There have been calls for interest rate rises to discourage risky new lending. But the Resolution Foundation shows that it is the stock of existing debt that is the real problem. Household debt still stands at over 90% of GDP, and many of these households already have difficulty paying their mortgages: there is a real risk that raising interest rates would make their debts unaffordable, forcing them into default and the economy into recession. The Resolution Foundation has important recommendations for policy makers to reduce the risks of interest rate rises. But they don't go quite far enough....

Find out more here. (Pieria)

Comments

  1. From the article:

    > It is simply ridiculous to assume that nearly a fifth of all households with mortgages borrowed irresponsibly.

    Is it? It might be wrong, but UK housing has been in a debt-funded speculative boom for about 15 years now, with government and the media all pushing the idea that it's a one-way bet, and ensuring that with taxpayer money where necessary. Why is it ridiculous to imagine that a lot of people have been pushed into borrowing irresponsibly before they were "shut out for ever"?

    > But the rest have simply been victims of circumstances.

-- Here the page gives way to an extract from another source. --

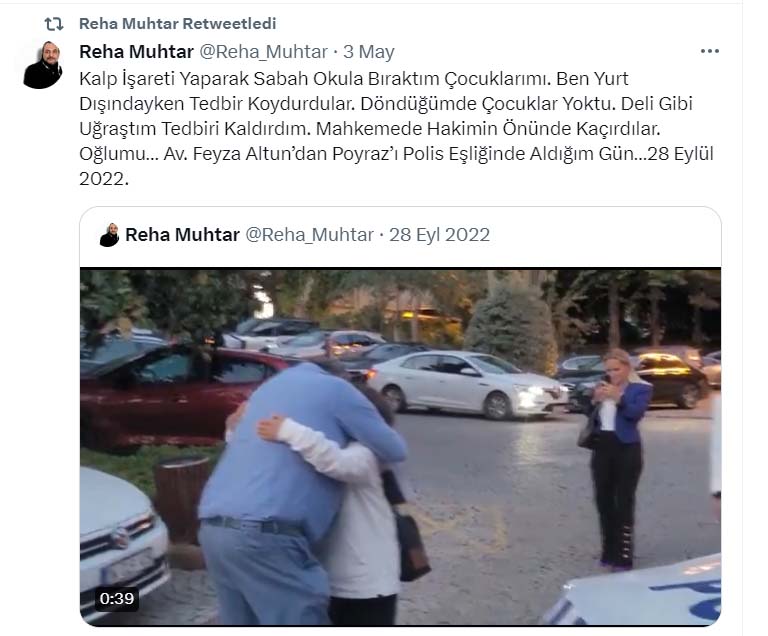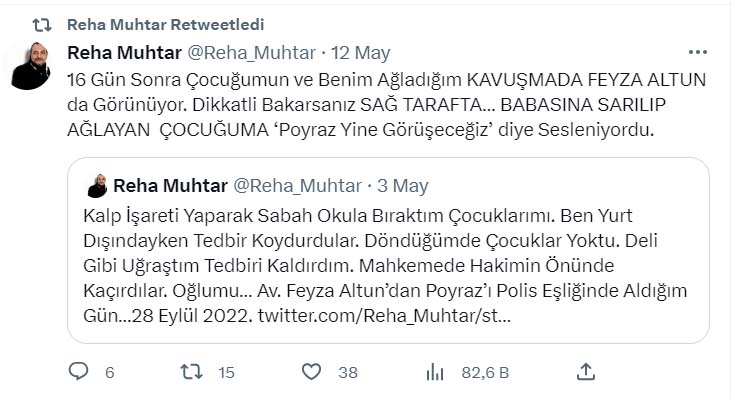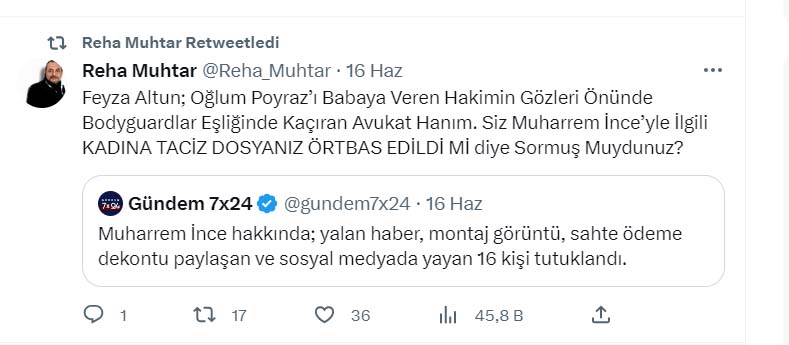 “Neredeyse 8 aydır Reha Muhtar’ın tacizlerine maruz kalıyorum. Velayet davasına benim siyasi tweetlerimi koyuyor, dosyada avukat olduğumu taraf olmadığımı kestiremiyor. Aylardır dosyaları bırakmam için yapmadığını bırakmadı. Hepsini anlatacağım bir gün, korku filmi gibi. Aylardır sürekli benimle ilgili tweet atıyor. Dosyada gerekeni yapmamam için sürekli sözlü saldırıda bulunuyor. Duruşmalara gözlemci talep ediyorum yazılı olarak da barodan talep ettim.”

Do they really deserve to lose their homes?

    A foreclosed home doesn't just vanish in a puff of smoke. It becomes available for somebody else to live in. Why don't they deserve to have a home? Why is one side of this equation deserving of endless support and forbearance and the other ignored altogether?

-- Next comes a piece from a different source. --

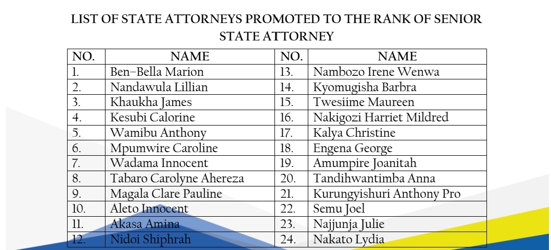 These attorneys had diligently served as State Attorneys for over 8 years. It is envisaged that the promotions will motivate the promoted staff and enhance prosecution service delivery.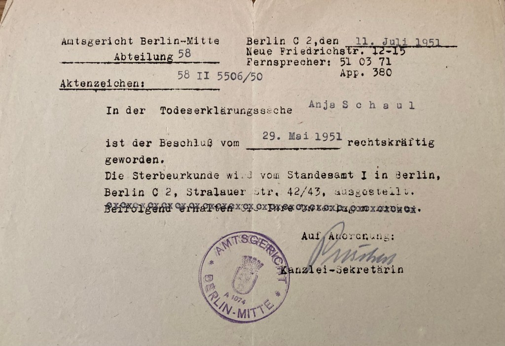 L’acte de décès d’Anja SCHAUL sera retranscrit en 2014. Aucune demande pour obtenir un statut de déporté politique n’a été effectuée auprès du Ministère des Anciens Combattants et Victimes de Guerre.

    > It seems likely that if base rates had remained at the level they were in 2007 – or worse, at the level they were in 1991 at the height of the last mortgage crisis – mortgage payment difficulties would be even more prevalent.

    Or maybe they wouldn't, because those having trouble now would have sold up or defaulted, and new mortgages wouldn't be mispricing risk with a clear demonstration in the rear-view mirror.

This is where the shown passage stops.